The book, subtitled ''A History of Man's Search to Know His World and Himself'', is the history of human discovery. Discovery in all its many forms are present - exploration, scientific, medical, mathematical and the more theoretical ones such as time, evolution, plate tectonics and relativity. He praises the inventive, human mind and its eternal quest to discover the universe and our place in it.
In "A Personal Note to the Reader" Boorstin writes, "My hero is Man, the Discoverer. The world we now view from the literate West...had to be opened by countless Columbuses. In the deep recesses of the past, they remain anonymous." The structure is topical and chronological, beginning in the prehistoric era in Babylon and Egypt.
== Themes ==
''The Discoverers'' (as well as ''The Creators'' and ''The Seekers'') resonates with tales of individuals, their lives, beliefs and accomplishments. They form the building blocks of his tale and from them flow descriptions and commentary on historical events. In this respect he is like other historians (David McCullough, Paul Johnson, Louis Hartz and Richard Hofstadter, to name a few) who give prominence to the individual and the incremental approach to history.
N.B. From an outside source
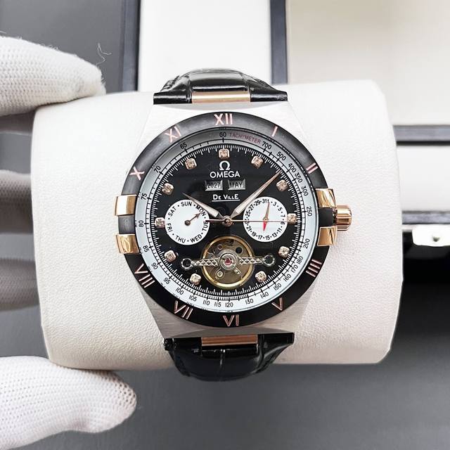Platinum Omega - Hot New Arrival. Featuring a fully automatic mechanical movement, 316L stainless steel case, simple, stylish, elegant, and prestigious. Mineral-reinforced glass crystal, genuine leather strap. A top choice for sophisticated men, suitable for both business and casual occasions. Diameter 40mm, Thickness 12mm. Actual product photos, no photo editing.

Thus, in the chapter "In Search of the Missing Link", he features Edward Tyson and his contributions in comparative anatomy. Tycho Brahe, the Danish astronomer, is the guiding light in "The Witness of the Naked Eye" and Isaac Newton merits an entire chapter ("God said, Let Newton Be!") devoted to his life and accomplishments.
The role of religion and culture is another recurring theme. Boorstin, a reform Jew, has been described as a "secular, skeptical moderate Northeastern liberal of the New Deal rather than the New Left school." () The purpose of religion (and God) was not personal salvation but establishing a societal anchor that inspired public morality.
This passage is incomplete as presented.